▶ **PROBLEM REQUIREMENTS**
Quote the data below in full, minus the images.

▶ **DATASET SECTION**
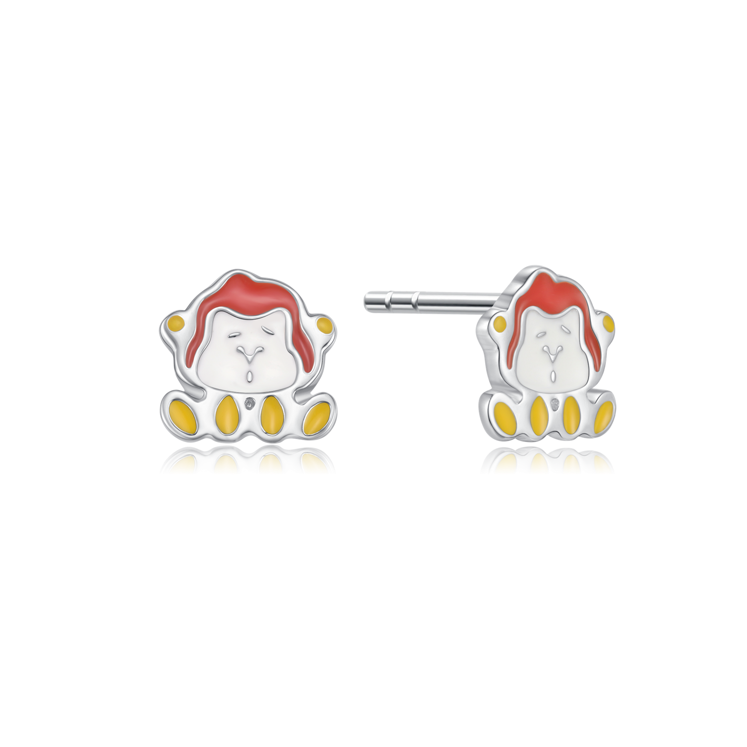 Sølv ørestikker rhodineret abe i hvid, rød og gul blyfri emalje.
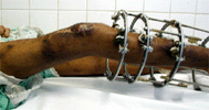 Knee flexion corrected with tibia frame applied
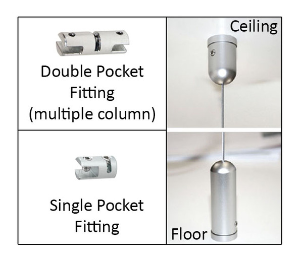 The Acrylic Cable Display also known as wire display or display cable system uses single and double pocket fittings depending on which system you choose. The pocket fittings are made of aluminium giving it a sating finish for a elegant look.
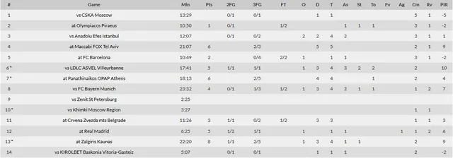 Aunque en Liga Endesa sus números no están siendo igual de efectivos, es cierto que también ha ganado en minutos, y que, además, la dinámica del equipo en la competición doméstica es un caso aparte. Cabe apuntar que, en el partido ganado ante FC Barcelona en cuartos de Copa del Rey, el jugador fue pieza importante al anotar 12 puntos, capturar 7 rebotes y tener una efectividad del 67 % en triples.

▶ **WRITTEN ANSWER**
 Sølv ørestikker rhodineret abe i hvid, rød og gul blyfri emalje.
 Knee flexion corrected with tibia frame applied
 The Acrylic Cable Display also known as wire display or display cable system uses single and double pocket fittings depending on which system you choose. The pocket fittings are made of aluminium giving it a sating finish for a elegant look.
 Aunque en Liga Endesa sus números no están siendo igual de efectivos, es cierto que también ha ganado en minutos, y que, además, la dinámica del equipo en la competición doméstica es un caso aparte. Cabe apuntar que, en el partido ganado ante FC Barcelona en cuartos de Copa del Rey, el jugador fue pieza importante al anotar 12 puntos, capturar 7 rebotes y tener una efectividad del 67 % en triples.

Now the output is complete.